This means list the response variables measured and describe how each was measured. It is also beneficial to make various plots of the original data to determine if there is a treatment effect (these plots are not necessarily included in the published paper). The biology should lead the statistics. Beyond this, you are looking for two things. When you describe the response variable, you want to focus on the sampling distribution of the response variable because this affects the model selected for the analysis of the data. You should plot the response variable against the predictor variables and look for recognizable patterns—in particular, to determine if (and how) variability changes systematically with the mean. For example, these may be scatterplots or boxplots. Another useful plot groups observations in a natural way (say, by treatment combination) and plots the means of the groups against their standard deviations. Many statistical methods assume the response variable is normally distributed, in which case variability should be roughly the same throughout the range of the response variable. A histogram of the *residuals* from the appropriate model with a normally distributed response variable results in a bell-shaped distribution. Note that a histogram of the raw response variable should not have a bell-shaped distribution because, if there really are treatment effects, the histogram should have a peak at each treatment mean.
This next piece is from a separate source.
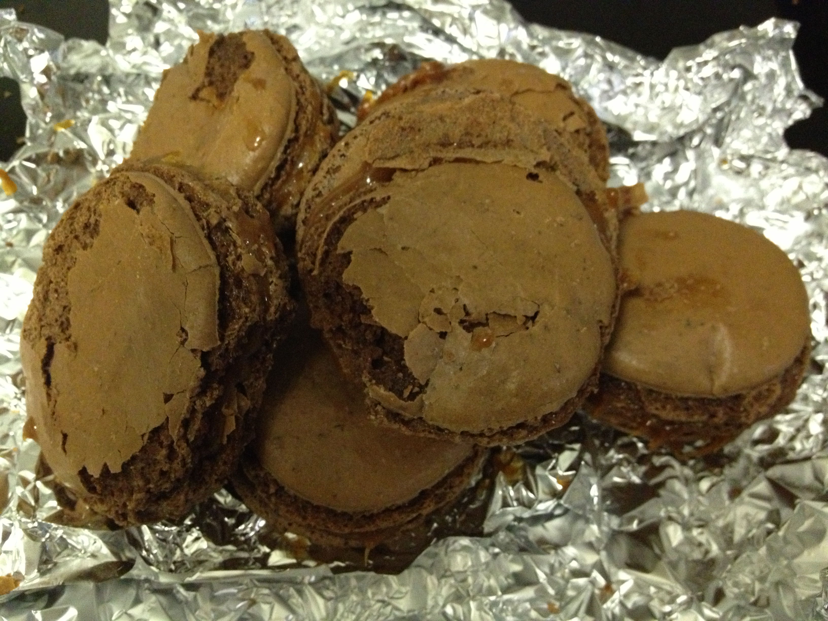 Chocolate and salted caramel macarons

Many commonly measured response variables in horticulture have a non-normal distribution. For example, germination rate (number of seeds germinated successfully/the number planted) has a binomial distribution. Many variables are continuous but have strongly right-skewed distributions, such as berry weight. A log-normal distribution often works well for this response variable. Generalized linear models allow the data to arise from many processes; the normal distribution is just one of several. Others include the log-normal, gamma, exponential, beta, binomial, Poisson, and negative binomial. The latter three are used to model count data. Again, plots used to assess the data and suggest models are part of your toolbox for determining the formal statistical analysis you will conduct, but usually are not included in an article.

The second thing you are looking for is any aspect of the data collection process that might affect the structure of the experiment design. Milliken and Johnson (2009) give examples in which the data collection process alters the study design. In one example, plants were grown in multiple distinct blocks, but then material for each treatment was combined from all blocks to allow measurement of the micronutrients of interest. The original blocks were legitimate replicates, but combining material precludes estimating block-to-block variability, effectively creating an unreplicated experiment. For this reason, a clear description of the data collection process is essential.

### Model description.

Model description consists of giving the assumed distribution of the response variable and the sources of variation in the treatment and experiment design.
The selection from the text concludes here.